DATASET EXCERPTS —
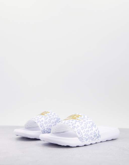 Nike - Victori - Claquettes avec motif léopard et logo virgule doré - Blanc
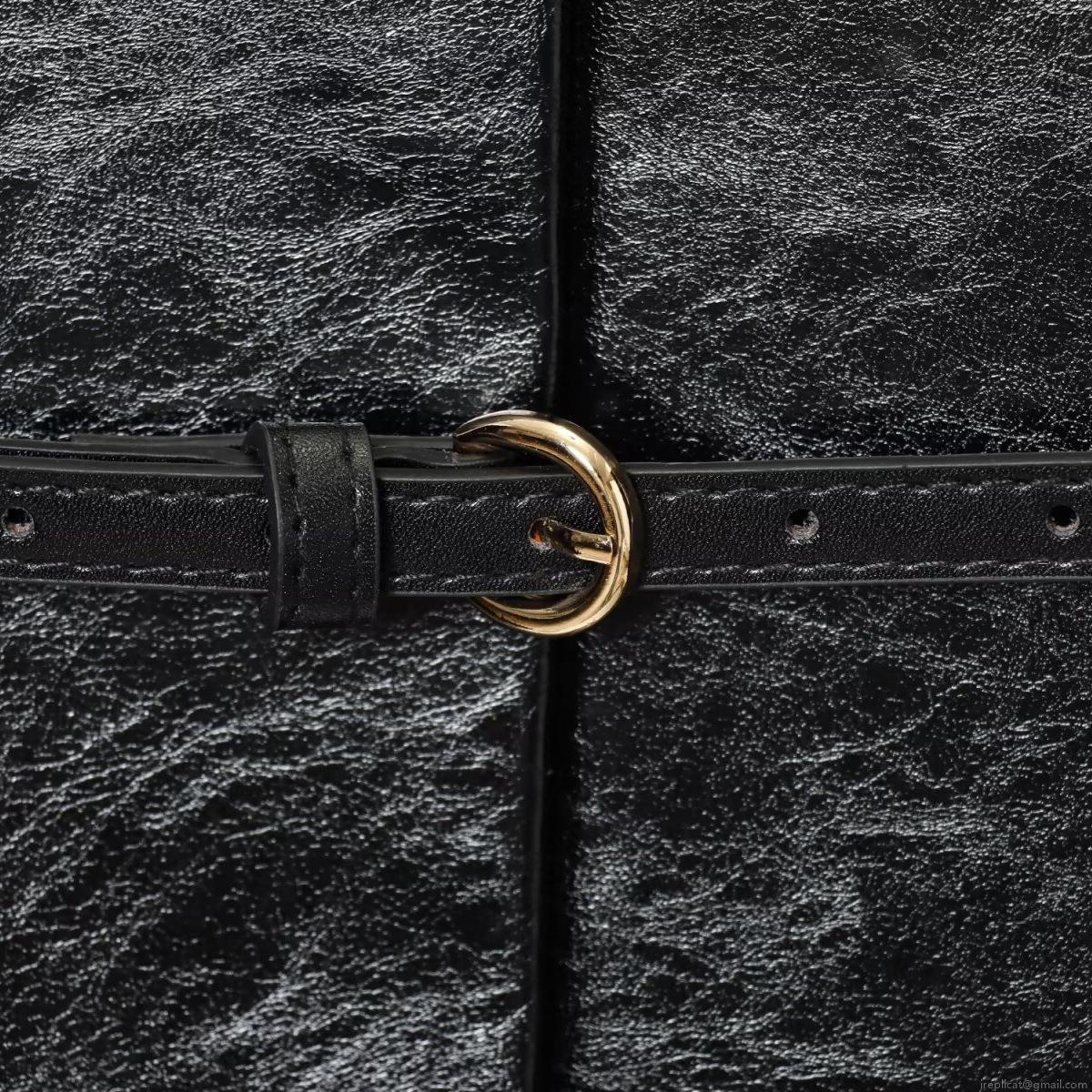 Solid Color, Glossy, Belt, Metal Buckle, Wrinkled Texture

* * *

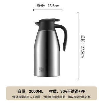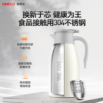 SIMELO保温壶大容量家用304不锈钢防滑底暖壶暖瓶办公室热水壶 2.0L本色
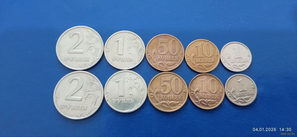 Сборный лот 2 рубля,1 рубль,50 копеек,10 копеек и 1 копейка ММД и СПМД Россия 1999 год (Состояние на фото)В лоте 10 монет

* * *

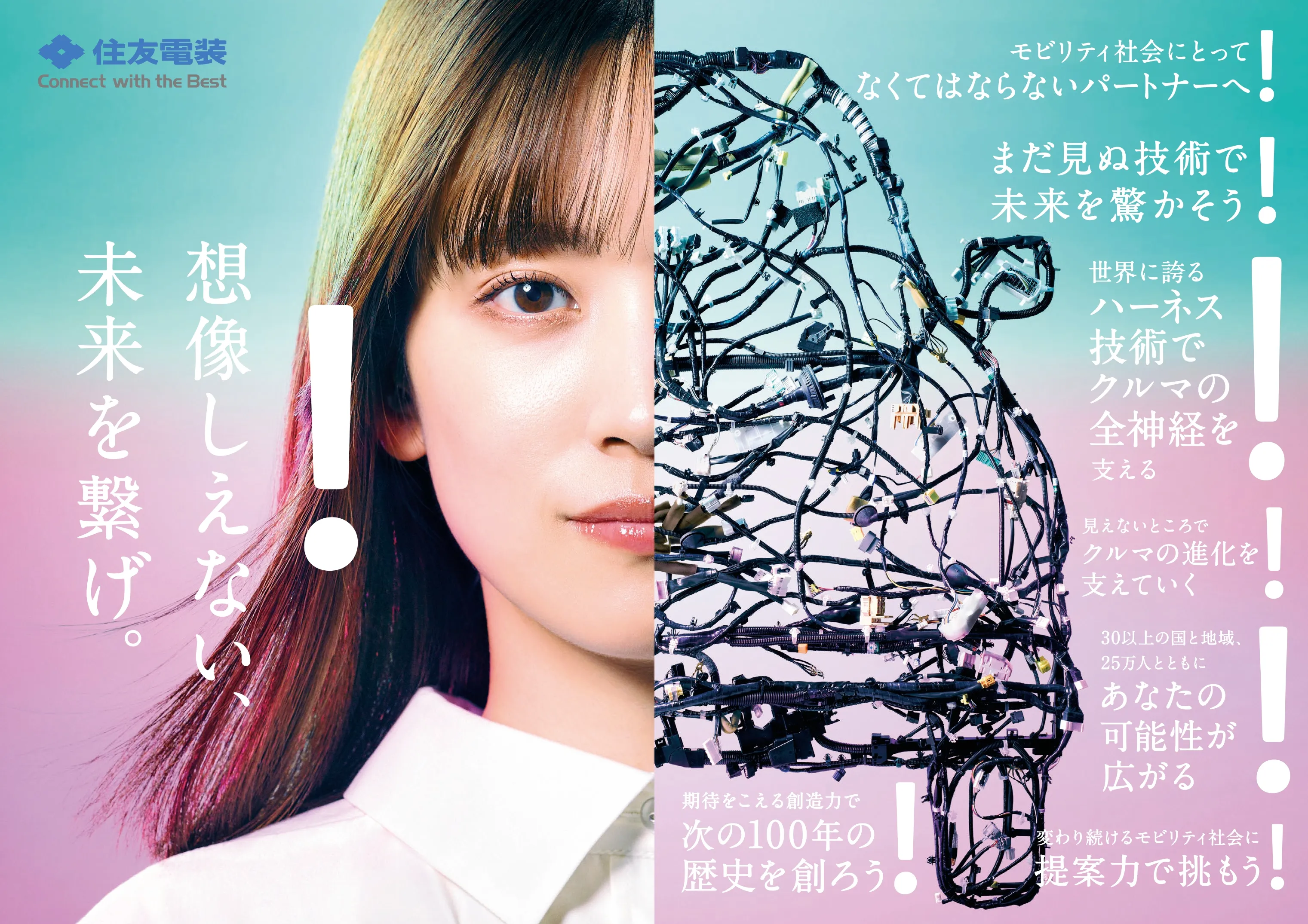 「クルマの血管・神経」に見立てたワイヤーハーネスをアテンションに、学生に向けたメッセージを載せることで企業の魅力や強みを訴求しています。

EXERCISE —
Above this task is a listing with pictures in it. Retype only the lines from the one containing "Nike - Victori" through the one containing "Solid Color, Glossy, Belt, Metal", both included, and not the pictures.

REPLY —
 Nike - Victori - Claquettes avec motif léopard et logo virgule doré - Blanc
 Solid Color, Glossy, Belt, Metal Buckle, Wrinkled Texture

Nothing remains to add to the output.